Dataset items:
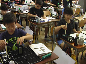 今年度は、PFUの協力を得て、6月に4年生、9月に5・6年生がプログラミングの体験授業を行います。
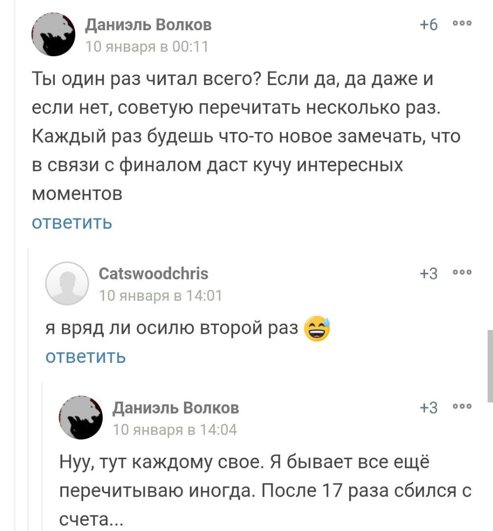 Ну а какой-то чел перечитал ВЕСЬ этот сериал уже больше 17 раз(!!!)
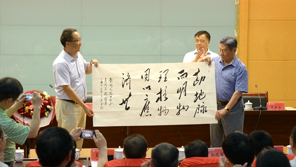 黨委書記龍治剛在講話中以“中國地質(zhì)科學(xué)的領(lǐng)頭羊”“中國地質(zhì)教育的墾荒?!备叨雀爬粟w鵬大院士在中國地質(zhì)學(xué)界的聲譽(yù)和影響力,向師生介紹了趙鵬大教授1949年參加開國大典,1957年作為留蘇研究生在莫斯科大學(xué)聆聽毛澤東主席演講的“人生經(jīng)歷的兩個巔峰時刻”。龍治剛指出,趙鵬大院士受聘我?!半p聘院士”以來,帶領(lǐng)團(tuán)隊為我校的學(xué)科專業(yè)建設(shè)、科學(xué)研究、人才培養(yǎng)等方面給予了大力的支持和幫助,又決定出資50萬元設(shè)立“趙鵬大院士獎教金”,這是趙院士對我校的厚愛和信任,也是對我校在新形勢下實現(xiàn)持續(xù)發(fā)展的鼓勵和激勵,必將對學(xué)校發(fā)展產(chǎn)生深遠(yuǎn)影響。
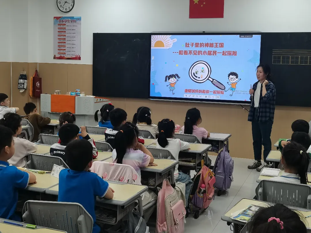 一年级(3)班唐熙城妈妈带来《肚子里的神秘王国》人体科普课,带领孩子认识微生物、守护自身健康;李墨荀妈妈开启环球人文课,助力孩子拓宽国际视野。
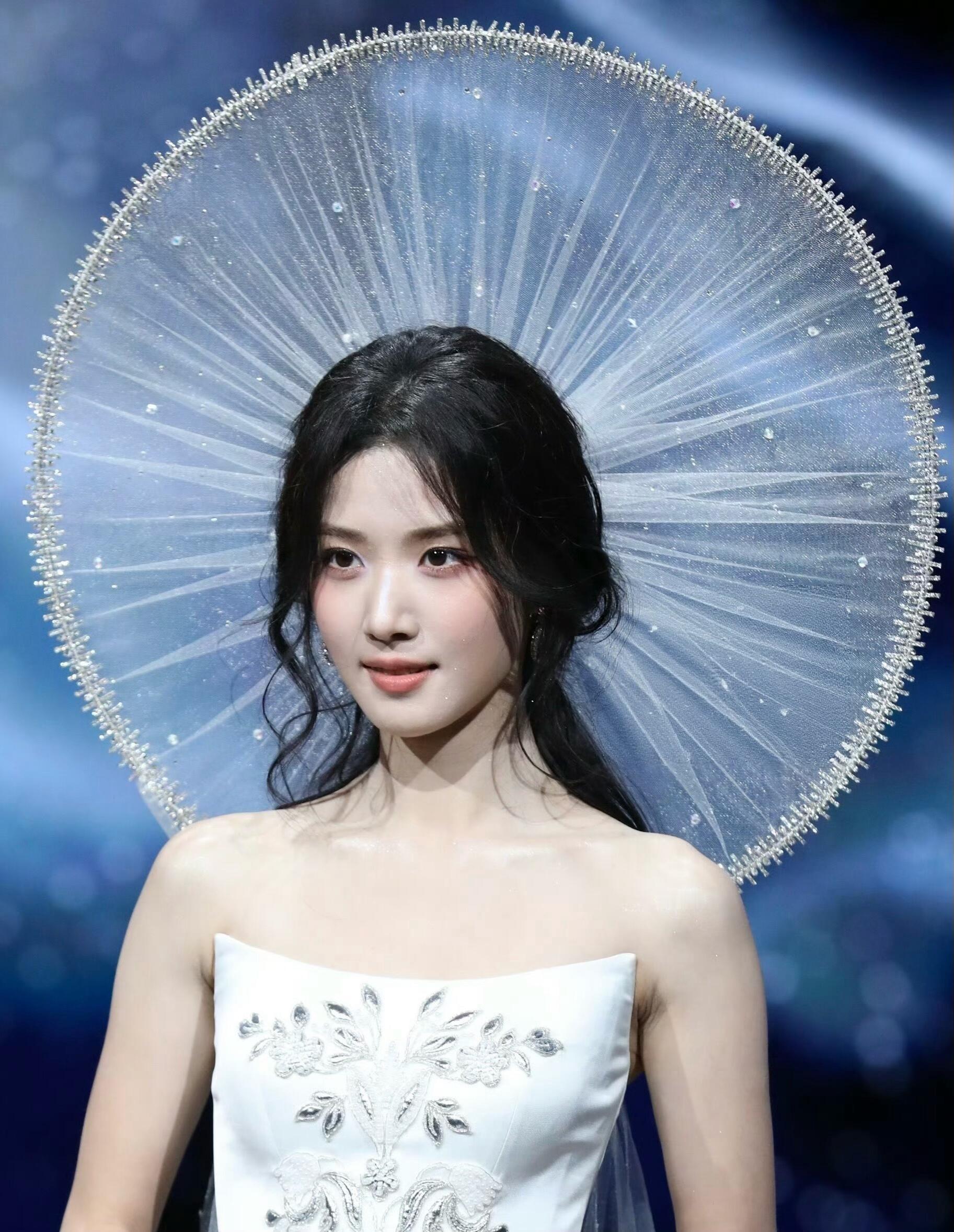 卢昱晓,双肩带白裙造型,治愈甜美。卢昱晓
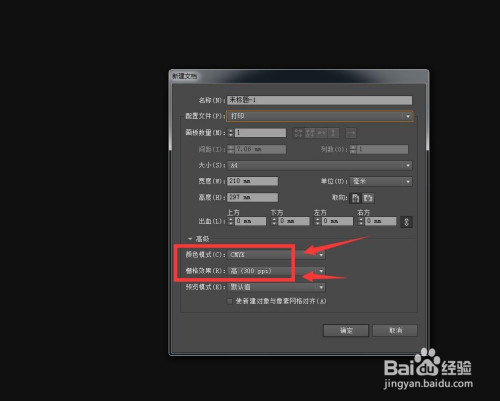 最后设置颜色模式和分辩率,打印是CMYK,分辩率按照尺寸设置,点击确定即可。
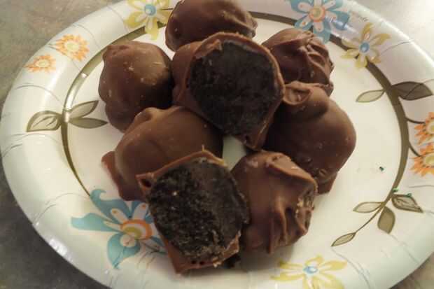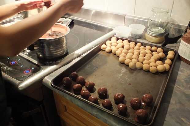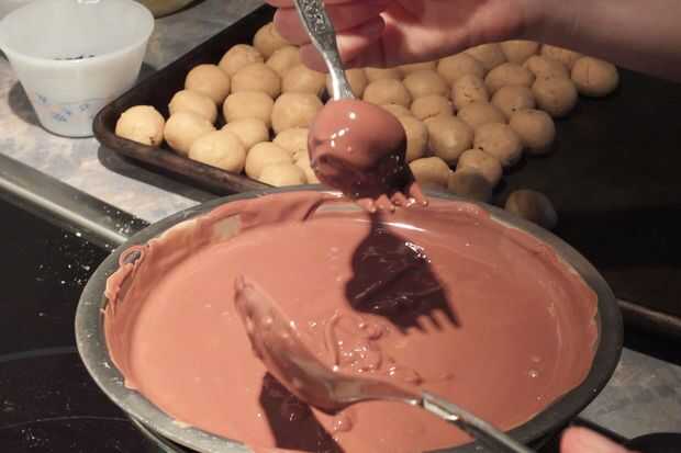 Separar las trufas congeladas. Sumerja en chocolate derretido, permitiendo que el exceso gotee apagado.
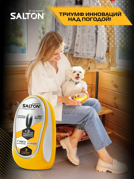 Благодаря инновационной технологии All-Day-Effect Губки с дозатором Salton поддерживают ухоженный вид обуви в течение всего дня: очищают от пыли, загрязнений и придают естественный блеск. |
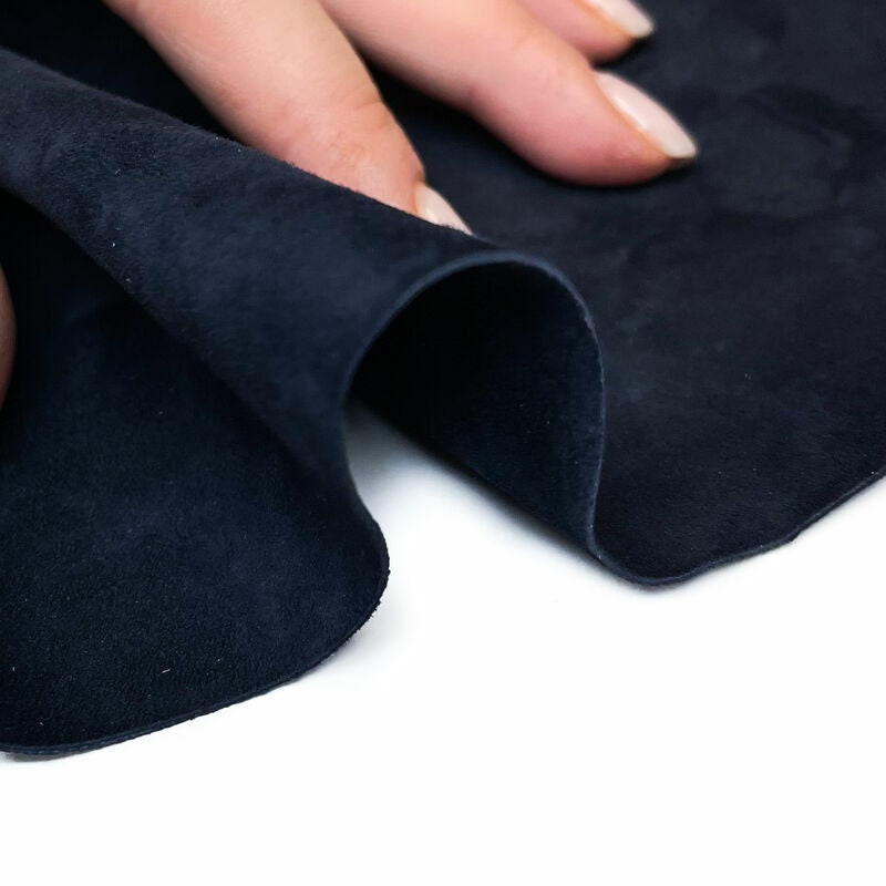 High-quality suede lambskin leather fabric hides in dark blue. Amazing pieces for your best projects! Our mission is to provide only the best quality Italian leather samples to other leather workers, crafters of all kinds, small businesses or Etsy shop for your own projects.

▸ **WHAT IS BEING ASKED**: Return exactly the lines that appear in the data above between the line containing "卢昱晓,双肩带白裙造型,治愈甜美。卢昱晓" and the line containing "Благодаря инновационной технологии", both of which are included, and leave the pictures out.

▸ **THE ANSWER**:
 卢昱晓,双肩带白裙造型,治愈甜美。卢昱晓
 最后设置颜色模式和分辩率,打印是CMYK,分辩率按照尺寸设置,点击确定即可。
 Separar las trufas congeladas. Sumerja en chocolate derretido, permitiendo que el exceso gotee apagado.
 Благодаря инновационной технологии All-Day-Effect Губки с дозатором Salton поддерживают ухоженный вид обуви в течение всего дня: очищают от пыли, загрязнений и придают естественный блеск. |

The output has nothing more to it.